Die wichtigsten Zutaten für den klassischen Marmorkuchen
Für diesen klassischen Marmorkuchen brauchst du etwas mehr Zutaten als bei einem einfachen Rührteig – aber jede einzelne hat ihre Berechtigung! Für mein Rezept brauchst du u.a.:
- Mehl und Backpulver – ich bleibe dabei, die meisten feinen Kuchen mit Weizenmehl vom Typ 405 zu backen. So schmeckt der Kuchen wie in meiner Kindheit.
- Butter – die Butter muss wirklich zimmerwarm sein! Kalte Butter lässt sich nicht gut aufschlagen und der Teig wird nicht so locker.
- Puderzucker und feiner Zucker – Puderzucker lässt sich feiner aufschlagen als normaler Zucker und gibt dem Teig eine besonders zarte Textur. Der feine Zucker kommt in den Eischnee und gibt ihm Stabilität.
- Kakaopulver – für die dunkle Hälfte des Marmorteiges. Ich empfehle hier, wie immer, ungesüßten Backkakao zu verwenden.
- Milch und Eier – gleich 7 Eier! Die Eigelbe kommen in den Teig, die Eiweiße werden zu Eischnee geschlagen. Das ist das Geheimnis der besonders luftigen Konsistenz.
- Bittermandelaroma und Vanilleschote – ein klassisches Backaroma, das dem Marmorkuchen eine leicht nussige Note verleiht. Das Mark einer halben Vanilleschote rundet den Geschmack ab.
- Bio-Zitrone (Abrieb) – Eine halbe Bio-Zitrone bringt Frische in den Teig. Unbedingt Bio, da wir die Schale verwenden!
Die genaue Zutatenliste samt Mengenangaben findest du wieder am Ende dieses Beitrags. Dort kannst du dir das Rezept auch ausdrucken lassen.

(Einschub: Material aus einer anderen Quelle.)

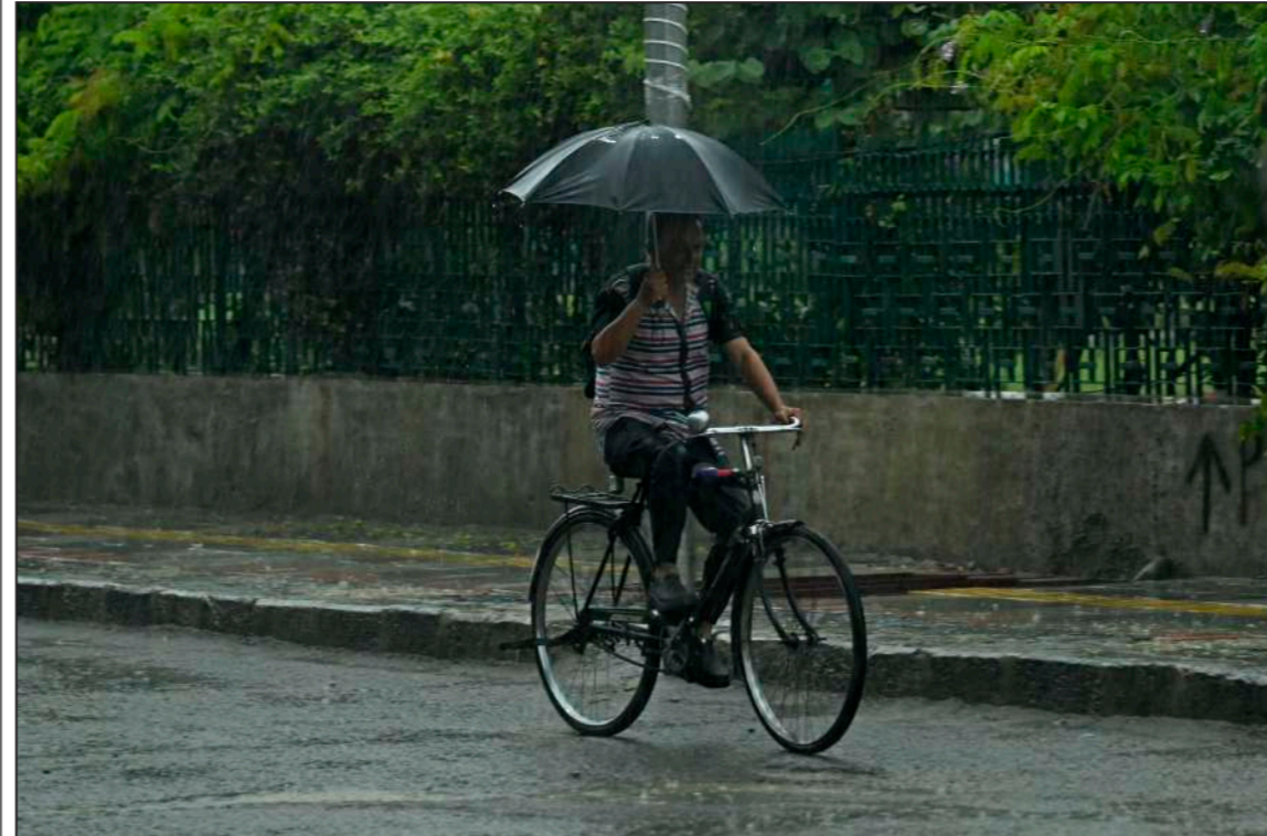
Holding an umbrella, man rides a bicycle in Srinagar amid heavy downpour on Wednesday.

They stressed that immediate action is needed to find a permanent solution to the issue so that such problems are not repeated in the future.
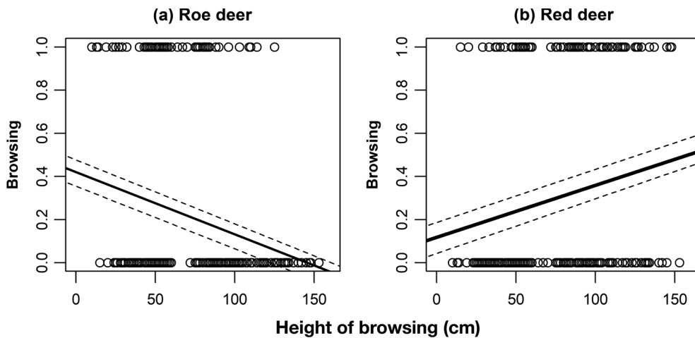
Fig. 2. Probability that a particular browsing event is attributable to (a) roe deer and (b) red deer with increasing height at which the browsing occurred on trees, as determined by amplification of eDNA left behind on the browsed twigs. Red deer were significantly more likely to be responsible for browsing at higher heights than roe deer.

significant difference in the success of amplification of deer eDNA between twigs collected from the two tree species ( -0.064 \pm 0.262 , z = -0.25 , p = 0.807 ) nor the success of amplification of twigs collected from different heights ( -0.051 \pm 0.120 , z = -0.43 , p = 0.671 ).
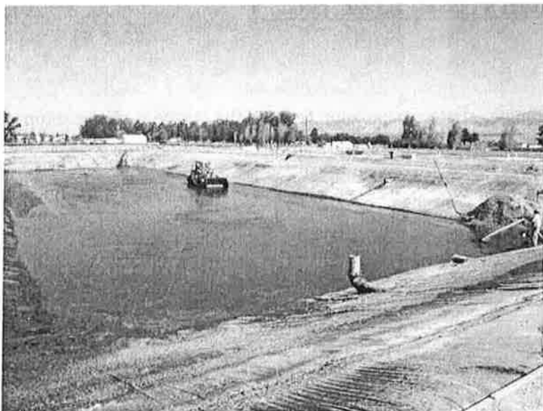
Removing sludge from Pond No. 1
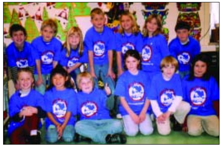
Class photo, Waupaca Learning Center, Waupaca, WI
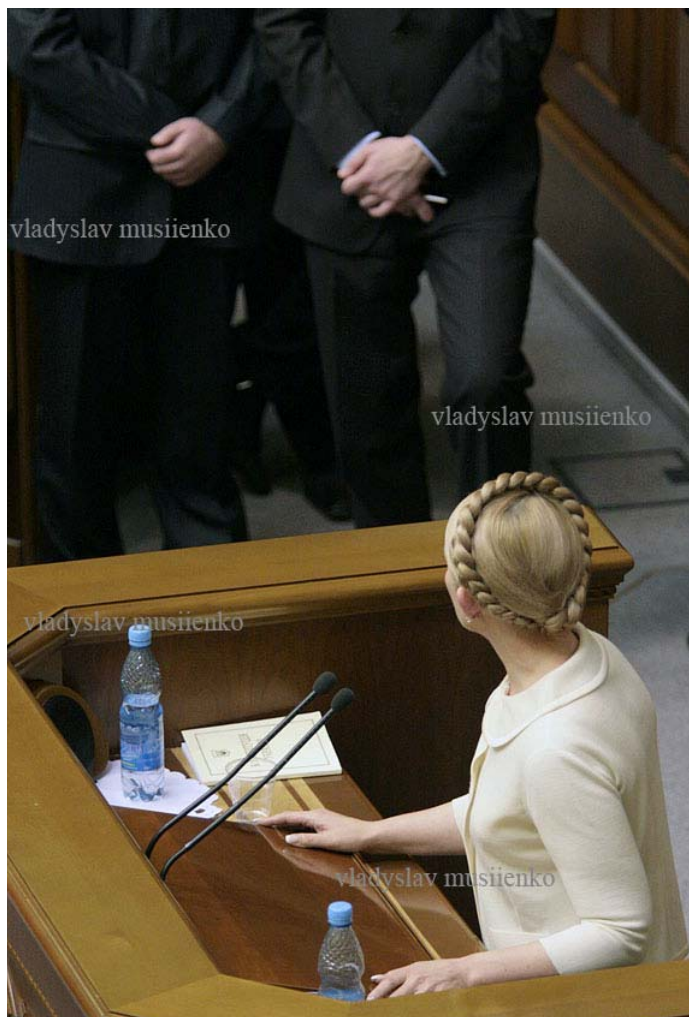
Tmoshenko's braid is like Castro's beard or Gorbachev's birthmark - you will always recognize and notice it.
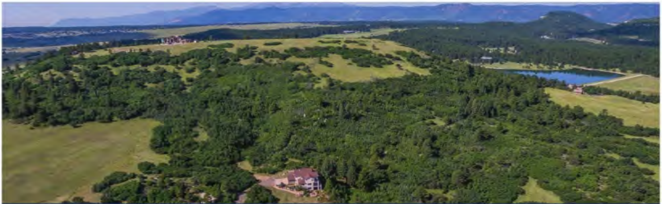
14232 STRAIGHT PATH LANE | THE TIMBERS IN LARKSPUR | OFFERED AT $1,295,000 | HOME ON 36 ACRES WITH ICE SPORTS AND WATERSKI LAKE!

Broker / Owner - RE/MAX Alliance - 7437 Village Square Drive, Suite 105, Castle Pines, CO 80108 720.988.4058 | eowens@remax.net | www.ElizabethOwens.net

Was ist bei der Zubereitung des klassischen Marmorkuchens zu beachten?
Der Marmorkuchen ist nicht schwierig zu backen, aber es gibt ein paar Tricks, besonders rund um den Eischnee, die ich dir gerne aufschreibe:
- Den Eischnee wirklich steif schlagen! Das Eiweiß muss so fest sein, dass der Schnee beim Umdrehen der Schüssel nicht herausfällt. Erst dann den Zucker nach und nach einrieseln lassen.

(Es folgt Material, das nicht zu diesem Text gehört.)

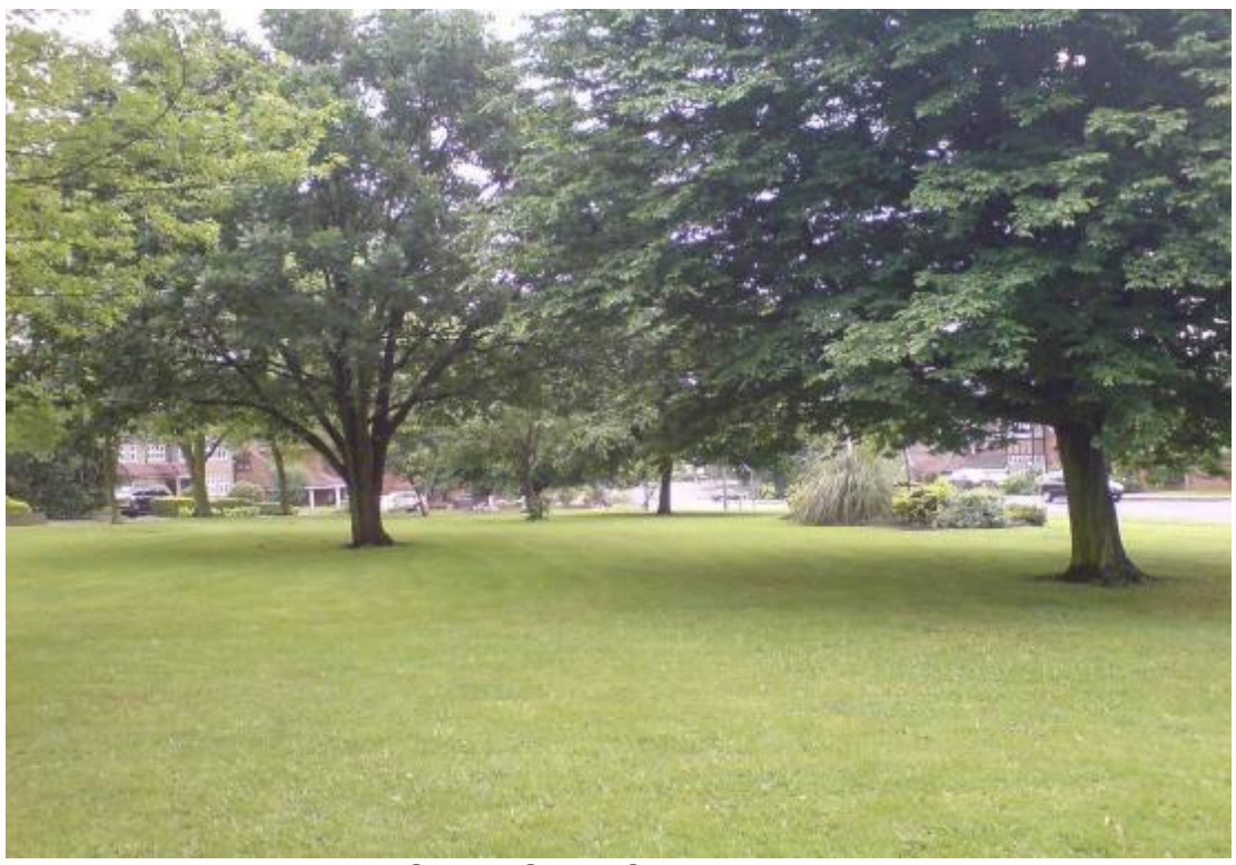
Land surrounded by Lee Grove, Site MO3

trees and a number of planted areas spread all over, adding significantly to its visual amenity. Two metal benches can be found to the south, facing Chigwell Rise, although no bins have been provided with them. Overall, the site is clean, tidy, smart in appearance, and evidently very well looked after.
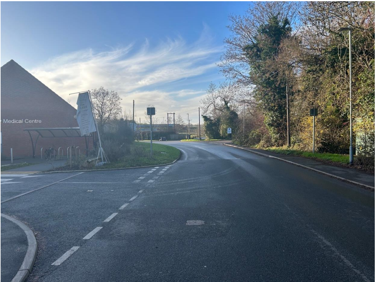
Ratby Parish Council, 13 Station Road, Ratby LE6 0JF.
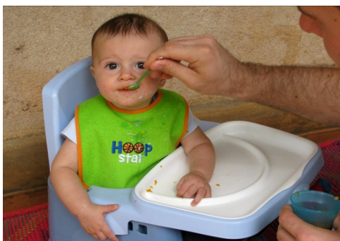
less enthusiasm as his 2nd tooth comes in
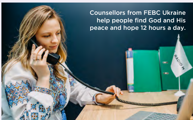
Counsellors from FEBC Ukraine help people find God and His peace and hope 12 hours a day.

24 February 2024 marks two years since war started in Ukraine. Families have been torn apart by trauma, stress, and long separation. But God is bringing new life and a peace that surpasses all understanding amid the devastation. Through FEBC's team of evangelistic counsellors, people are experiencing God's healing and restoration. Thank you for your persistent prayers!
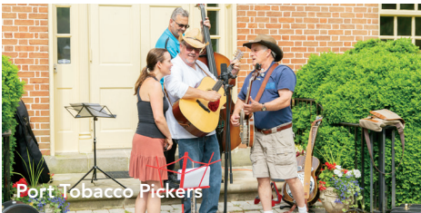
Port Tobacco Pickers

If craft beverages are what you crave, Charles County is becoming known for its local spirits, ales, and coffee. BLUE DYER DISTILLING CO. and PATUXENT BREWING COMPANY are local favorites. WEEBEAN COFFEE ROASTERS serve organic coffee and pastries daily.
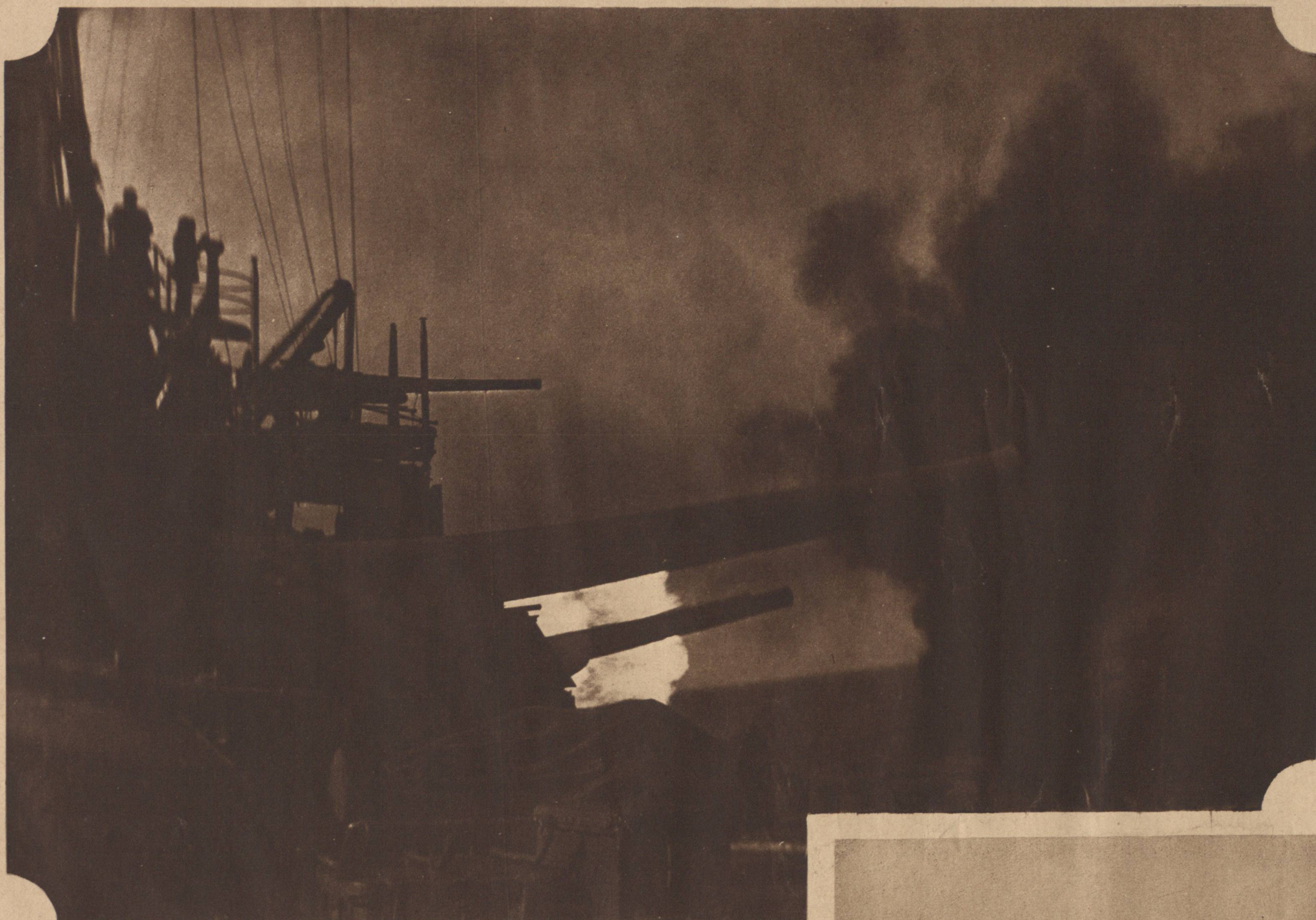
One of Uncle Sam's hounds of the high seas firing a night salvo.

- Den Eischnee vorsichtig unterheben und NICHT unterrühren! Rühren zerstört die Luftblasen, die den Kuchen locker machen. Mit einem Teigschaber von außen nach innen und von unten nach oben arbeiten.
- Butter und Puderzucker richtig cremig aufschlagen. Nimm dir dafür Zeit! Mindestens 3-4 Minuten. Das Volumen der Butter muss sich sichtbar vergrößern. Erst dann kommen die Eigelbe nach und nach dazu.
- Mehl und Milch portionsweise und abwechselnd unterrühren. Erst etwas Mehl, dann etwas Milch, dann wieder Mehl. Das verhindert, dass der Teig klumpt und sorgt für eine gleichmäßige Konsistenz.
- Kakaopulver erst zum Schluss einrühren. Erst zwei Drittel des hellen Teigs in die Form, dann Kakao in das restliche Drittel – so entsteht ein schöner Kontrast. Den dunklen Teig über den hellen geben und mit einem Löffel einziehen.
- Den Kuchen auf der untersten Schiene backen! Das verhindert, dass die Oberfläche zu früh bräunt, während der Kern noch nicht durch ist. Gleichmäßige Hitze von unten ist beim Rührkuchen oft der Schlüssel.
- Mit einem Holzspieß die Garprobe machen! Nach 50 Minuten einfach in die Mitte stechen. Kommt er sauber heraus, ist der Kuchen fertig. Klebt Teig daran, braucht er noch etwas Zeit.
- Den Kuchen 5 Minuten in der Form abkühlen lassen, dann stürzen. Zu früh gestürzt, bricht er auseinander. Zu lange warten, und er klebt fest. 5 Minuten sind genau richtig.
Du kennst Zubereitungstipps, die hier fehlen und die für meine Leser interessant wären? Dann schreibe mir doch einen Kommentar!

P.S Den Marmorkuchen habe ich in einer Story auf meinem Instagram-Account gezeigt und danach kamen zig Anfragen, woher ich diese schicke Kuchenform habe. Die Form ist von der Firma Nordic Ware und die Form hat einen Durchmesser von 22 cm.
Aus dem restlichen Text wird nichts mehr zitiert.